How IntelligentContext Scores and Fits Content Based on Learned Importance

IntelligentContext evaluates every conversation turn using a weighted, multi-factor importance score—combining recency, semantic similarity, TOIN-learned patterns, error signals, forward references, and token density—then removes the lowest-scoring messages until the token budget is satisfied.

Headroom’s IntelligentContext is a message-level compression stage designed to preserve the most valuable context rather than naively truncating old turns. According to the chopratejas/headroom source code, this component sits at the end of the transformation pipeline, applying learned importance weighting to ensure critical information survives the compression process. The system references patterns from the Tool-Output Intelligence Network (TOIN) alongside real-time semantic analysis to make granular keep-or-drop decisions.

The Six-Factor Scoring Algorithm

The core logic resides in headroom/transforms/intelligent_context.py, where the IntelligentContextManager class calculates a composite score for each message.
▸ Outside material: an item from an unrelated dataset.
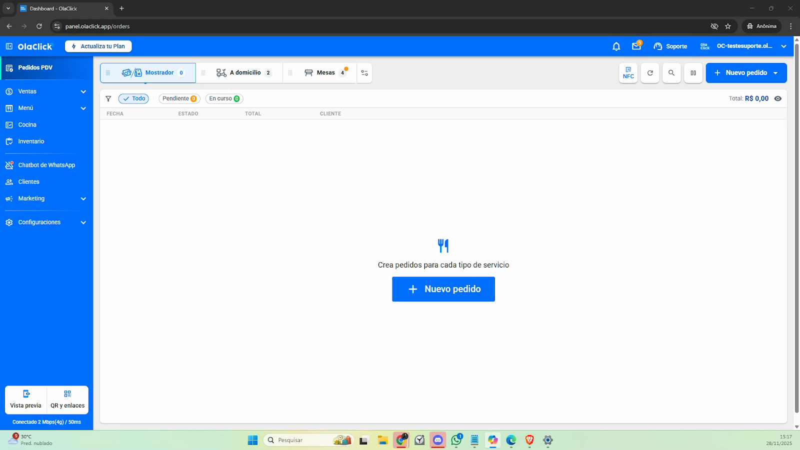 Paso 1: Ingresa a OlaClick y selecciona el menú Configuraciones.

The algorithm evaluates six distinct factors defined in the ScoringWeights configuration structure found in headroom/config.py.

Scoring Factors

Each message receives a weighted score based on the following criteria:

  • Recency: The position of the message in the conversation history. Newer turns receive higher baseline scores under the assumption that recent context is typically more relevant.
  • Semantic similarity: Embedding-based cosine similarity to the upcoming user request. Messages semantically close to the current query are prioritized.
  • TOIN-learned importance: Statistics gathered by the Tool-Output Intelligence Network (TOIN) indicating which fields or message types are repeatedly retrieved or compressed across sessions. This factor allows the system to learn from historical usage patterns.
  • Error indicators: Presence of error-related tokens such as Exception or Traceback. Debugging context containing error details receives elevated importance to preserve diagnostic information.
  • Forward references: Citations or mentions of earlier messages in later dialogue turns. If a subsequent turn references historical information, the cited earlier message gains a higher score.
  • Token density: The ratio of informative tokens to filler content. Dense, information-rich messages are favored over verbose noise.

Weighted Calculation

The final score is a simple weighted sum of these factors. Users can tune the relative importance via the ScoringWeights dataclass, historically exposed through IntelligentContextConfig in headroom/config.py. For example, setting toin=3.0 and recency=1.0 emphasizes learned historical patterns over simple message age, as documented in wiki/transforms.md.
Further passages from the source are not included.